Toen het Rode Leger in april 1945 steeds dichterbij kwam en uiteindelijk nog maar een paar kilometer verwijderd was van het concentratiekamp Sachsenhausen, gaf de SS in de vroege uren van 21 april het bevel om het concentratiekamp te evacueren. 33.000 gevangenen werden in noordwestelijke richting afgevoerd. Ze moesten 20 tot 40 kilometer per dag lopen. Velen van hen werden onderweg doodgeschoten, anderen stierven van uitputting in het koude en natte weer. Sommigen bereikten echter het gebied tussen Schwerin en Parchim via verschillende routes. Op 2 mei 1945 stuitten ze bij Raben Steinfeld op eenheden van het Rode Leger en het Amerikaanse leger. Voor de ongeveer 18.000 gevangenen van het concentratiekamp Sachsenhausen die tot dan toe hadden overleefd, kwam er een einde aan hun lijden in het Störkanal.
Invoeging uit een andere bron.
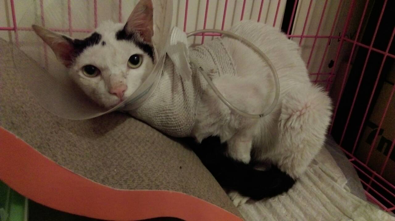 醫生表示中分恢復的很好,已經可以出院不用回診了。動物近況說明: 目前中分已經出院並由同事友人認養,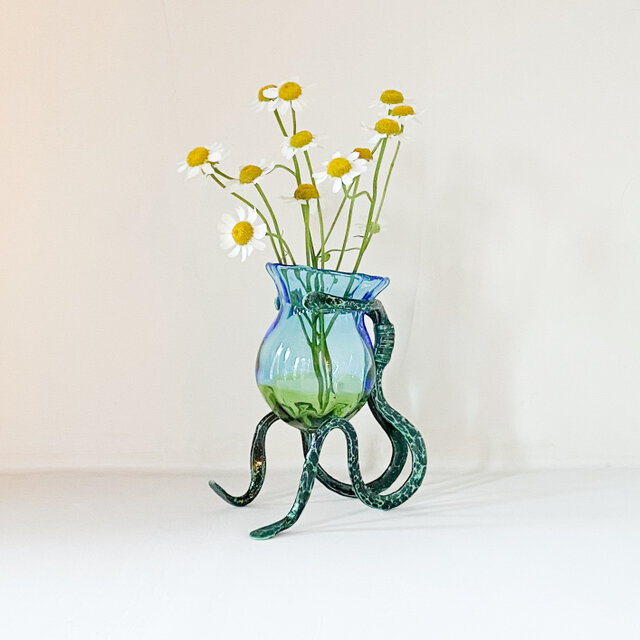 3点ガラス・スタンド花器フラワーベース今回の作品も独創的なステキなフォルムで、とても気に入りました 前回のフクロウともども大切に飾らせていただきます!

Een gedenksteen, die hier in het begin van de jaren 1950 werd opgericht, herinnert hieraan. 25 jaar later, op 8 september 1975, werd het gedenkteken "De Moeder" ingehuldigd op deze historische plek. Beeldhouwer Gerhard Thieme uit Berlijn maakte de bronzen sculptuur, waaraan later vier reliëfplaten werden toegevoegd. Sindsdien symboliseert "De Moeder" het naamloze lijden van moeders van alle naties.